26 密林にて

 陽炎を伴う陽の光がマリーたちを照らした。雑踏の音の代わりに、遠くから鳥の鳴き声が聞こえた。地面を触ると土の感触。


「マーガレット、無事?」

「はい、なんとか」


 大丈夫とはいったものの、すぐに目を開くことはできなかった。マリーたちが目を開いて辺りを確認したのは、しばらく経ってからだ。


 鬱蒼と生い茂る蔓、みたこともない真っ赤な果実、高さ三十メートルはする樹木からは数世紀にわたる歴史の片鱗を感じられた。


「ここは……?」


 巨大な樹木を前にして、マリーとマーガレットは立ち尽くした。さきほどまでいた学院は鬱蒼とした木々が生い茂る密林へと変わり果てた。

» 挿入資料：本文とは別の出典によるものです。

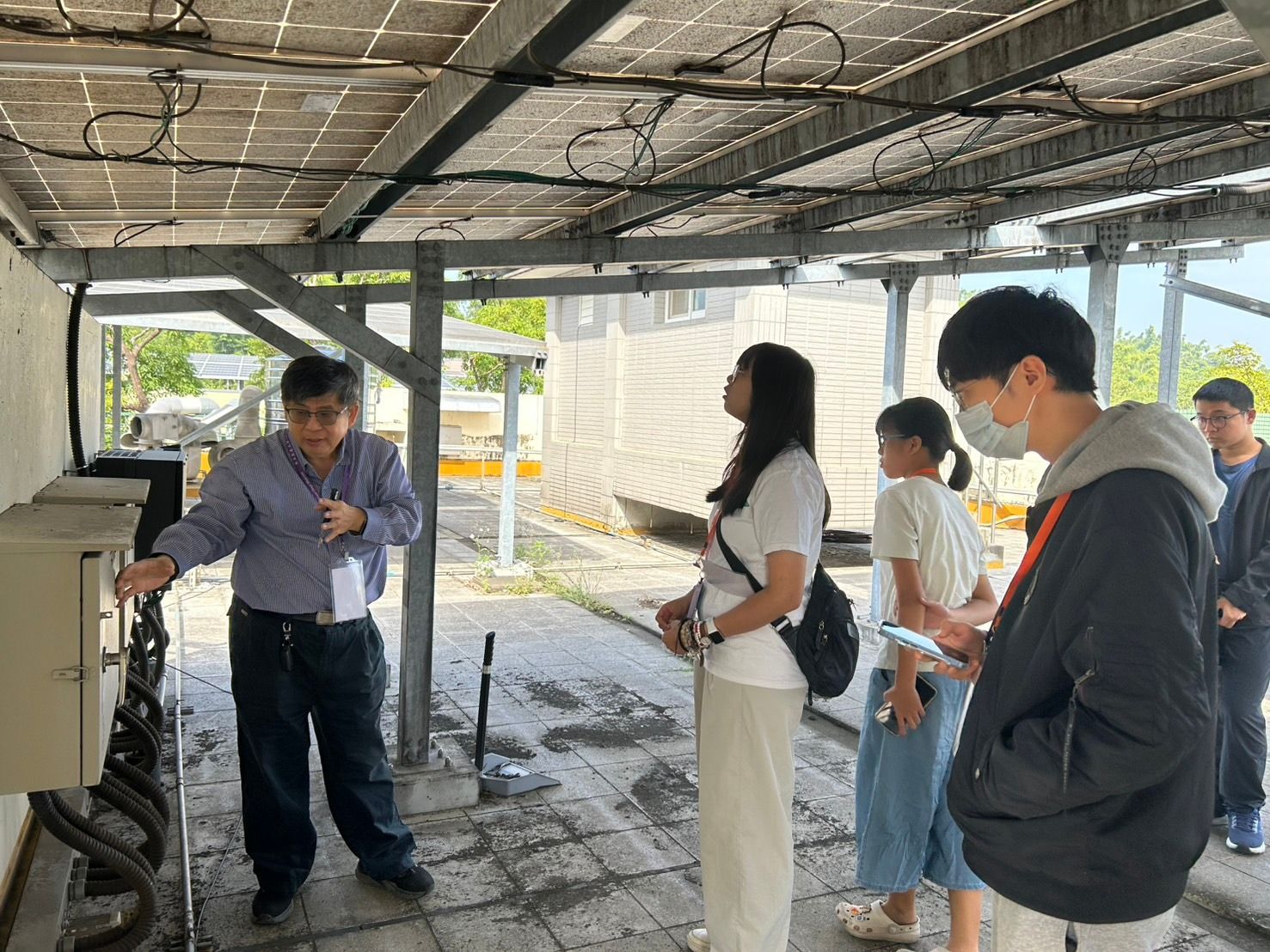 學生能直接理解光電在校園中的角色與永續價值。 (二)綠氫示範站介紹與能源轉型趨勢 本課程重點之一為嘉義大學「綠氫綠氧示範站」之實地觀摩。課程介紹內容包含:
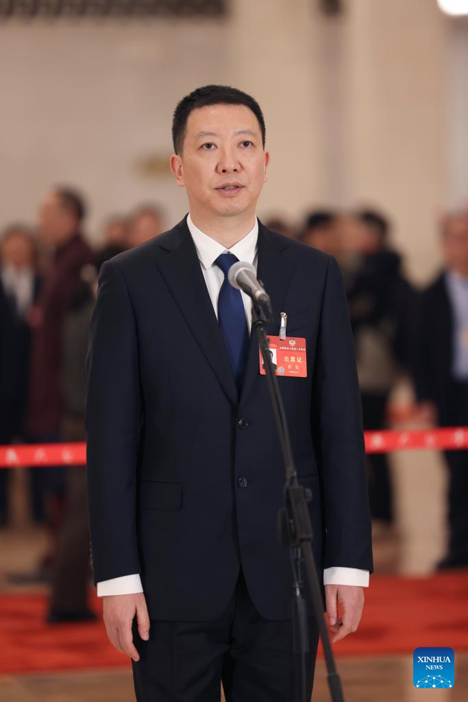 Ye Cong, a member of the 14th National Committee of the Chinese People's Political Consultative Conference (CPPCC), is interviewed ahead of the opening of the second session of the 14th CPPCC National Committee at the Great Hall of the People in Beijing, capital of China, March 4, 2024. (Xinhua/Xing Guangli)
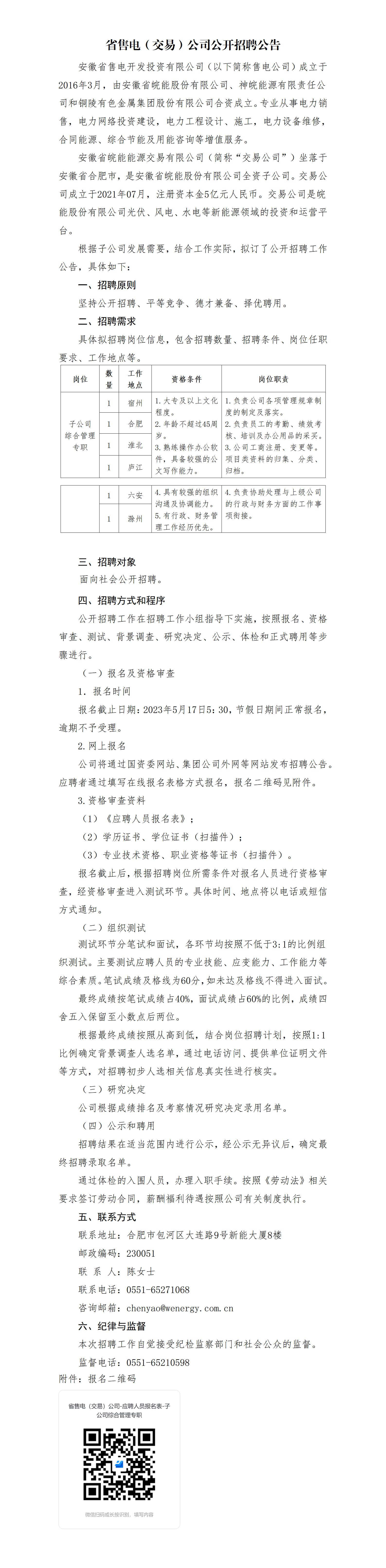 2023年安徽省售電(交易)公司公開招聘公告
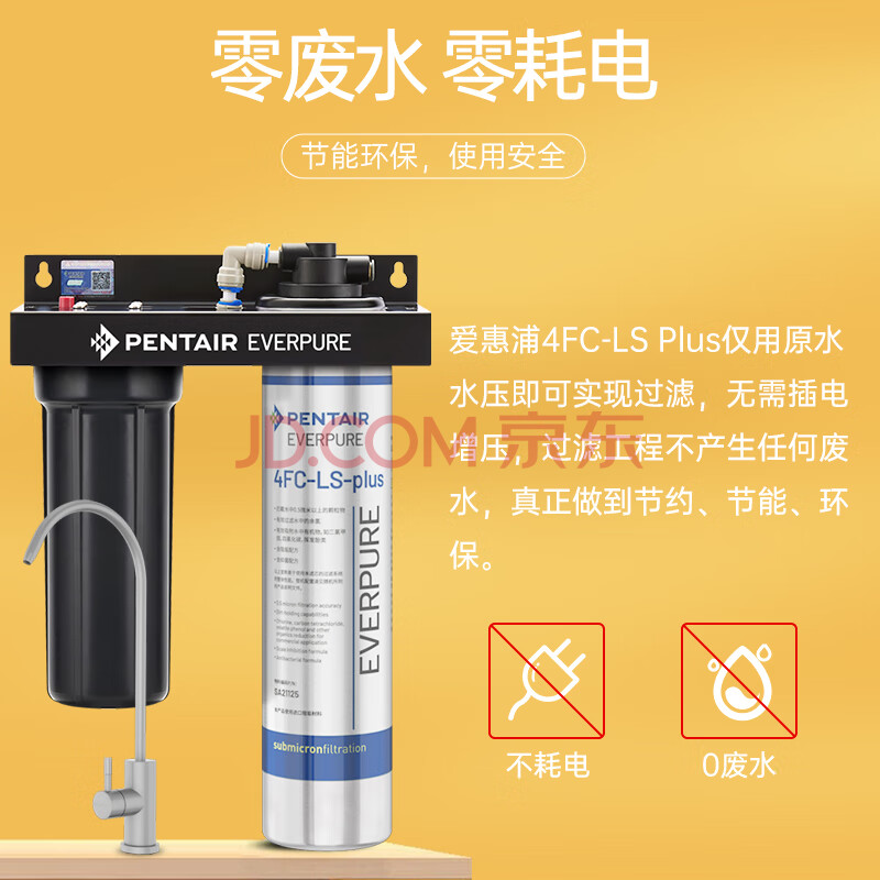 商品相册:爱惠浦(Everpure)高端厨下 抑垢除铅直饮矿物质水 4.1L/min 大流量0废水净水器 10000L额定净水量Combo-4FC-LS-plus第

 巨大な樹木の前をぐるぐる歩いて考えた。だが、革新的なアイディアを思い浮かべることはなく、今もなお、まばゆいばかりの陽の光を放射している太陽に悪態をついた。


「暑すぎるわよ」


 マリーは遭難中だった。王宮で遭難した人がいる話は聞いていたが、まさか学院で遭難するとは思いもしなかった。


 マーガレットを斥候にだすことも考えたが、マリーひとりで待機させることにマーガレットに反対された。

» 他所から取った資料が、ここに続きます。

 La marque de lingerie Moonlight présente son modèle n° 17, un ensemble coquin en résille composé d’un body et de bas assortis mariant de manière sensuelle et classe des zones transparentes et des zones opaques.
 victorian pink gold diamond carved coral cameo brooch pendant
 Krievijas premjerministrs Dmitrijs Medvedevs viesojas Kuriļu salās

 《不完全な世界の顕現》、並行世界の一部を召喚する力。これを誰かに使用されて、知らない密林に飛ばされたと考えた。


「マリー様。状況はわかりませんが、私達にはまず、すべきことがあります」

「よろしい。マーガレット・ルイス・アステリカ。マリー・ルーン・エスカリエの益になる発言を許可しましょう」

「水の確保が優先かと」

「あ」


 マーガレットの最もな意見に辺りを探索することにした。


 遭難時にするべきことは、まず暖の確保、飲める水の確保、できれば帰り道を探したいところだが、世界が書き換わったのだからまっとうな帰り道はないと思ったほうがいい。


「でも、マーガレットが剣を持っていてよかったわね。これで猛獣がでても、なんとかなりそうだわ」


 マーガレットを先行させて、道なき道の木々を切って行った。しばらく進んだところでマーガレットはマリーを制しさせた。


「……マリー様、水の音です。それと、人の声も聞こえます」

「まじ?」



 ローズ近衛分隊には四人の分隊員がいる。


 アリア・トルストイ、ケイト・アンダーウィル、ルイーゼ・ラトリック、スローシャ・ベルンシュタイン。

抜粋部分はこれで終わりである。